= What you should do =
Repeat only these lines, exactly: the first line of the data, the line containing "Si vous avez", and every line between them. Pictures stay out.

= Available records =

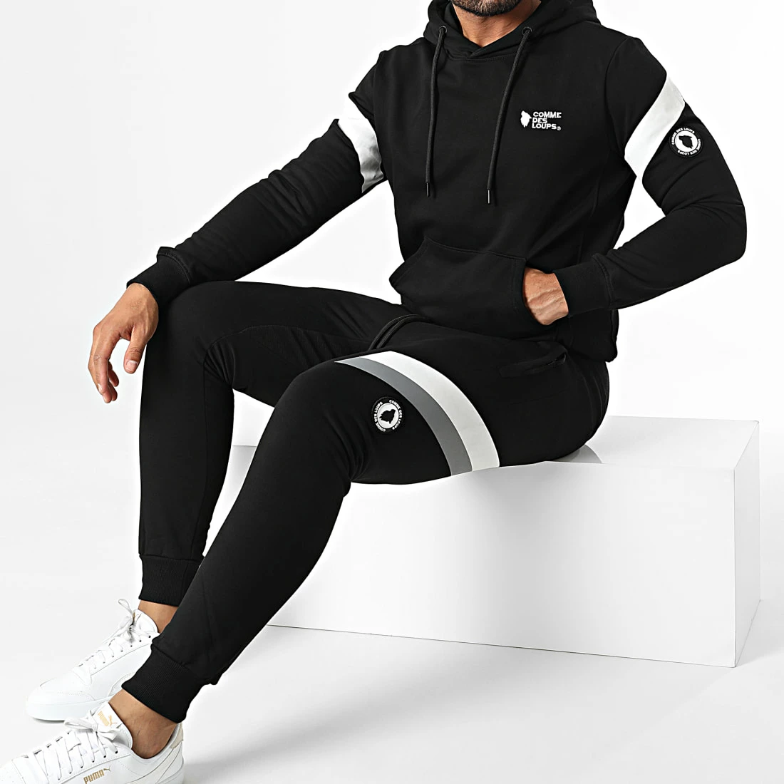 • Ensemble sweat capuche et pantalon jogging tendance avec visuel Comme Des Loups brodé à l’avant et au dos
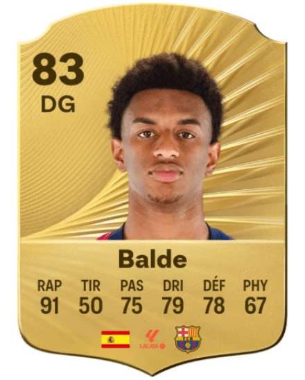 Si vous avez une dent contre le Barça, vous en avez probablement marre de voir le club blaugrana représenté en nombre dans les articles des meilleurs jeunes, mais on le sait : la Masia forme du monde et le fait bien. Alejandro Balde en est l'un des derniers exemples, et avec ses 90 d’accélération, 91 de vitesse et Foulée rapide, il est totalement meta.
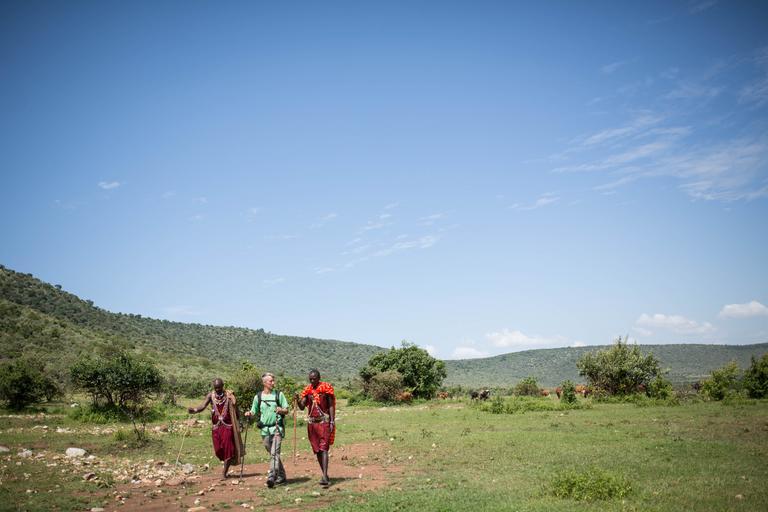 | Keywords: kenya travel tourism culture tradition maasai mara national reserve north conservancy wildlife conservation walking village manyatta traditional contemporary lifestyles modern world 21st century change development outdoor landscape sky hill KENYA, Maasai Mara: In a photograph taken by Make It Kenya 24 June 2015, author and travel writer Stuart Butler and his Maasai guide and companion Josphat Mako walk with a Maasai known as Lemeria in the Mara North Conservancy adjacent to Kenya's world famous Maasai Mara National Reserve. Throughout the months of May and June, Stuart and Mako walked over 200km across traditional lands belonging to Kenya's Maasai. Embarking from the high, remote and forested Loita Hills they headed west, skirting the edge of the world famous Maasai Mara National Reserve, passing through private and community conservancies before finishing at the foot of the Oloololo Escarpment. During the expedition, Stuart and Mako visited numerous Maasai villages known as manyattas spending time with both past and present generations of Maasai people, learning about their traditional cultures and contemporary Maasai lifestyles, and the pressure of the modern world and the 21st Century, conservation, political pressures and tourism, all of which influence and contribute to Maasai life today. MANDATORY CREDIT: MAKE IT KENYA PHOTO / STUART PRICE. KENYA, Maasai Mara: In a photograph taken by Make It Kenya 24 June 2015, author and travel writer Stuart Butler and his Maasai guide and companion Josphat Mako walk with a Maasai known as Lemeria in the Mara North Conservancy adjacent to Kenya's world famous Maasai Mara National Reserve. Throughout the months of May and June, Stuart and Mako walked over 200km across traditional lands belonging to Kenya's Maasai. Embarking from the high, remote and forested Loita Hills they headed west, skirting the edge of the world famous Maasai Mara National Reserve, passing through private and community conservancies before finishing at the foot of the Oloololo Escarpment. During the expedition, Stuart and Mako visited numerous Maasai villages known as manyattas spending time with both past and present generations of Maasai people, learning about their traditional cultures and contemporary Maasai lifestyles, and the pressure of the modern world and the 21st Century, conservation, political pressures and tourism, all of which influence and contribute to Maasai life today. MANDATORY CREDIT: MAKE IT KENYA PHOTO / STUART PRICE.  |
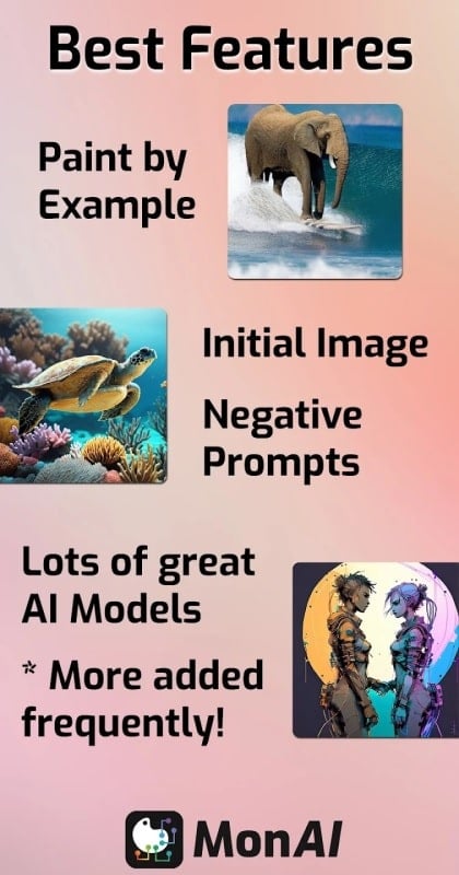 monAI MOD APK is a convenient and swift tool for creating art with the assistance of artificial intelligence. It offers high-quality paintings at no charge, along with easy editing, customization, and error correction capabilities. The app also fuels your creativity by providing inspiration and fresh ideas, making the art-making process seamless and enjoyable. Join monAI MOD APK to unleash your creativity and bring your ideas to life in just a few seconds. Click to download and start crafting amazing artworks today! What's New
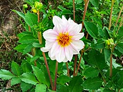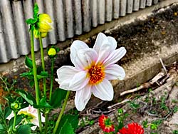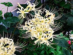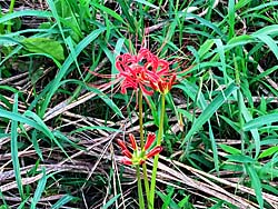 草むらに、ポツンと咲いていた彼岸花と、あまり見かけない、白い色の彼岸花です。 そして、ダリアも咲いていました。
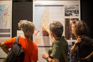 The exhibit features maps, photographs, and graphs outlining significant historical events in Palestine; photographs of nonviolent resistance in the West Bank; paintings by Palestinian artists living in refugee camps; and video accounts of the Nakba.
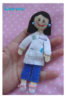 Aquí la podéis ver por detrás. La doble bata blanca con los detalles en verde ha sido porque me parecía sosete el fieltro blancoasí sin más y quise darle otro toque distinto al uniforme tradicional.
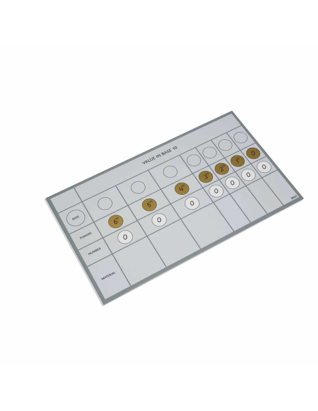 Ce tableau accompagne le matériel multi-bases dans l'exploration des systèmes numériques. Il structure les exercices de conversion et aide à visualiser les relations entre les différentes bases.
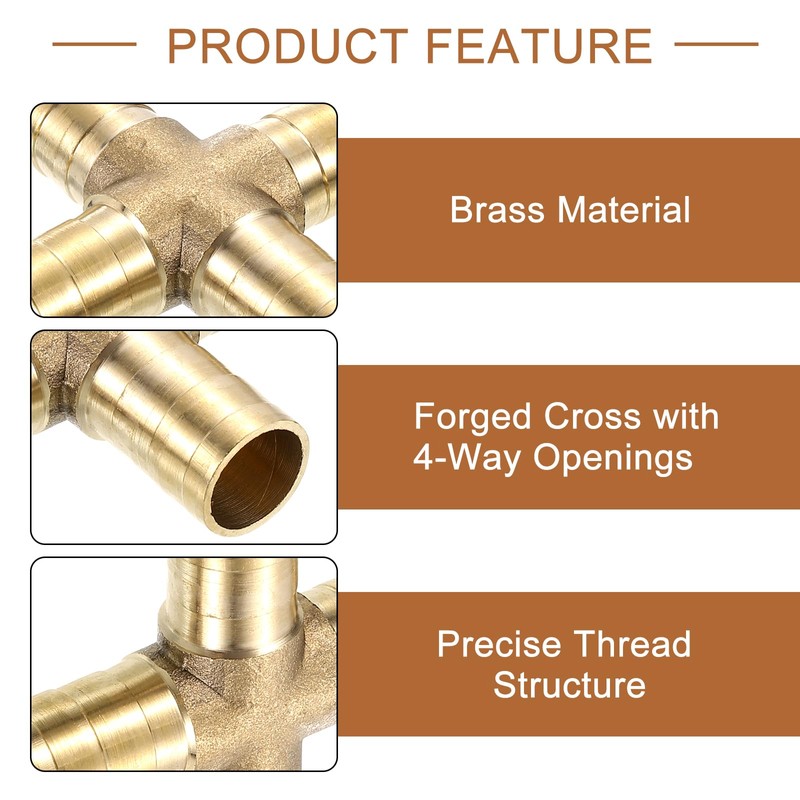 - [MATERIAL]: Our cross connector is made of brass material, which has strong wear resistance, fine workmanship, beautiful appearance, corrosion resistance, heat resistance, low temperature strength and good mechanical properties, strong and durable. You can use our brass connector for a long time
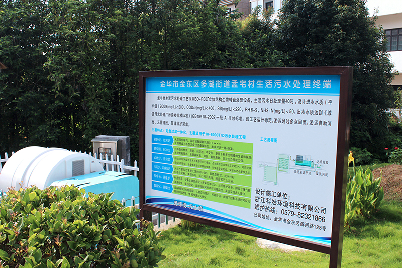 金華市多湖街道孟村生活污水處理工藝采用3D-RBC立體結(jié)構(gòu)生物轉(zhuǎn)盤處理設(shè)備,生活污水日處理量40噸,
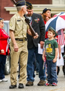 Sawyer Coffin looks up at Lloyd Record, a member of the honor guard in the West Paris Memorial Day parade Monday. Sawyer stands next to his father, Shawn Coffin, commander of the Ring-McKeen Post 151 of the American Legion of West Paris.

= Answer =
 • Ensemble sweat capuche et pantalon jogging tendance avec visuel Comme Des Loups brodé à l’avant et au dos
 Si vous avez une dent contre le Barça, vous en avez probablement marre de voir le club blaugrana représenté en nombre dans les articles des meilleurs jeunes, mais on le sait : la Masia forme du monde et le fait bien. Alejandro Balde en est l'un des derniers exemples, et avec ses 90 d’accélération, 91 de vitesse et Foulée rapide, il est totalement meta.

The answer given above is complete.